De la beauté des mathématiques (et de certains mathématiciens)
« L’expression de Weierstrass1, que le véritable mathématicien est poète, peut paraître au grand public singulièrement étrange. Il en est pourtant ainsi. L’expression n’implique pas seulement qu’il faut au mathématicien, de même qu’au poète, de l’imagination et de l’intuition. Ceci est vrai pour toutes les sciences, nulle part toutefois au même degré que dans les mathématiques. Mais l’expression a aussi une signification d’une portée plus grande. Les meilleurs travaux d’Abel2 sont de véritables poèmes lyriques d’une beauté sublime, où la perfection de la forme laisse transparaître la profondeur de la pensée, en même temps qu’elle remplit l’imagination de tableaux de rêve tirés d’un monde d’idées écarté, plus élevé au-dessus de la banalité de la vie et plus directement émané de l’âme même que tout ce qu’a pu produire aucun poète au sens ordinaire du mot. Il ne faut pas oublier, en effet, à quel point la langue mathématique, faite pour les besoins de pensée les plus hauts de l’humanité, est supérieure à notre langue ordinaire. Il ne faut pas oublier non plus que la pensée intérieure y est plus complètement et plus clairement exprimée que dans aucun autre domaine humain. »

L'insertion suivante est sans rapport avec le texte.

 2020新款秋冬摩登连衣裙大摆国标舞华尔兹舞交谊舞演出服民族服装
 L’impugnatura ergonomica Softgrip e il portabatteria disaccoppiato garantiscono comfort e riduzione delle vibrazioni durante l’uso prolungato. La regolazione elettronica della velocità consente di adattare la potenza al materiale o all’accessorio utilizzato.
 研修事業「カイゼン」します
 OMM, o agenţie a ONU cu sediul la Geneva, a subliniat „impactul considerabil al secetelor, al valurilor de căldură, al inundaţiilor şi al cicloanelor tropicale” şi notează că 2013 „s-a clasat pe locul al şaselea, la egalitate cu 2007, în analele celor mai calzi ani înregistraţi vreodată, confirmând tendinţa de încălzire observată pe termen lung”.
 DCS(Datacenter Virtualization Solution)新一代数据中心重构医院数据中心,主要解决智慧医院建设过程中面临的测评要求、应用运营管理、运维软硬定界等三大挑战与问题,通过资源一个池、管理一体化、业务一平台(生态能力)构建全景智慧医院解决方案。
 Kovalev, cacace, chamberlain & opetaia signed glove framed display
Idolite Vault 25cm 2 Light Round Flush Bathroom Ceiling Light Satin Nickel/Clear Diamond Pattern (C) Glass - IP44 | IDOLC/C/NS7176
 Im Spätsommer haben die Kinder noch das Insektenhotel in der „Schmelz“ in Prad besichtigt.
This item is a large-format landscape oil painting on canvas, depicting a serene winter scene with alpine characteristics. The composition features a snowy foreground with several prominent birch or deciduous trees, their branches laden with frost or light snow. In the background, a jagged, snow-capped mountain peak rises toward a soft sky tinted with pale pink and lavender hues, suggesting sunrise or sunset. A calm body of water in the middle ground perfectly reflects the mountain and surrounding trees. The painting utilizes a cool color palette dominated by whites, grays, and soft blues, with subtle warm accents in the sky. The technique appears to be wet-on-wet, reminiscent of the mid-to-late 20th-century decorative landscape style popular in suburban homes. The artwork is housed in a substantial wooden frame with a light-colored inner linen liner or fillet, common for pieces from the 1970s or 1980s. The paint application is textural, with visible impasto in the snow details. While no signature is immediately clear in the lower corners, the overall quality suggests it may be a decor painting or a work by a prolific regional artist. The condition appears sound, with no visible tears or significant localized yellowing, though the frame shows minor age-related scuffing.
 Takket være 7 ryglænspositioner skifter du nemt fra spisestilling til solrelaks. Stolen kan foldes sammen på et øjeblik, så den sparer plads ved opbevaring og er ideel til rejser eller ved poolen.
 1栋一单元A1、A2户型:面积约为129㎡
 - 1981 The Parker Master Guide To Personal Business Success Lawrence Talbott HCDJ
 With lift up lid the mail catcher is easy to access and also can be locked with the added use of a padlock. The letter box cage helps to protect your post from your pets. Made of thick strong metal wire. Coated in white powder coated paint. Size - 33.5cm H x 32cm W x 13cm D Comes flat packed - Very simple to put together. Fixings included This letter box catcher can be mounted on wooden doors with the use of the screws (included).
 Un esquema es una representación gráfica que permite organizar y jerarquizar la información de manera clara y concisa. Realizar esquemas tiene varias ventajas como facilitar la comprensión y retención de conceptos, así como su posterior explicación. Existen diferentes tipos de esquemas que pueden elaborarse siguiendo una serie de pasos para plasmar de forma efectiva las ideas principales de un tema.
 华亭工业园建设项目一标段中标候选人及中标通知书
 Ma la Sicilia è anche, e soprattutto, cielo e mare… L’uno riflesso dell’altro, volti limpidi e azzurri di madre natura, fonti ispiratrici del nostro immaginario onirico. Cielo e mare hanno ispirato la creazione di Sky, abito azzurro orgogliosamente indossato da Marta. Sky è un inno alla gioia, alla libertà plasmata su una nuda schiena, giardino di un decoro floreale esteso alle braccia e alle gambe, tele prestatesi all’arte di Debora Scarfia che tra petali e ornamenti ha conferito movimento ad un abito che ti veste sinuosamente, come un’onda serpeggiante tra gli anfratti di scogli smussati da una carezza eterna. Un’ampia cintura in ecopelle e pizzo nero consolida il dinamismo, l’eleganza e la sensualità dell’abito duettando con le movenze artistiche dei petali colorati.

Magnus Gösta Mittag-Leffler3,
Niels Henrik Abel (1907)
1 Mathématicien allemand né à Ostenfelde en 1815 et mort à Berlin en 1897. Il fait partie des rénovateurs de l’analyse au XIXème siècle. Il a ainsi construit le corps des nombres réels et étudié les fonctions analytiques. Le théorème qui porte son nom énonce que: « Toute application continue d’un intervalle fermé [a, b] de R dans R est la limite d’une suite de polynômes qui converge uniformément sur [a, b]. »
2 Mathématicien norvégien né sur l’île de Finnoy en 1802 et mort à Arendal en 1829. Il démontre l’irrésolubilité par radicaux de l’équation du 5ème degré. Il est aussi le fondateur de la théorie des intégrales elliptiques.
3 Mathématicien suédois né à Stockholm en 1846 et mort dans la même ville en 1927. Élève de Charles Hermitte à Paris et de Weierstrass à Berlin, il généralise un théorème de ce dernier aux fonctions méromorphes.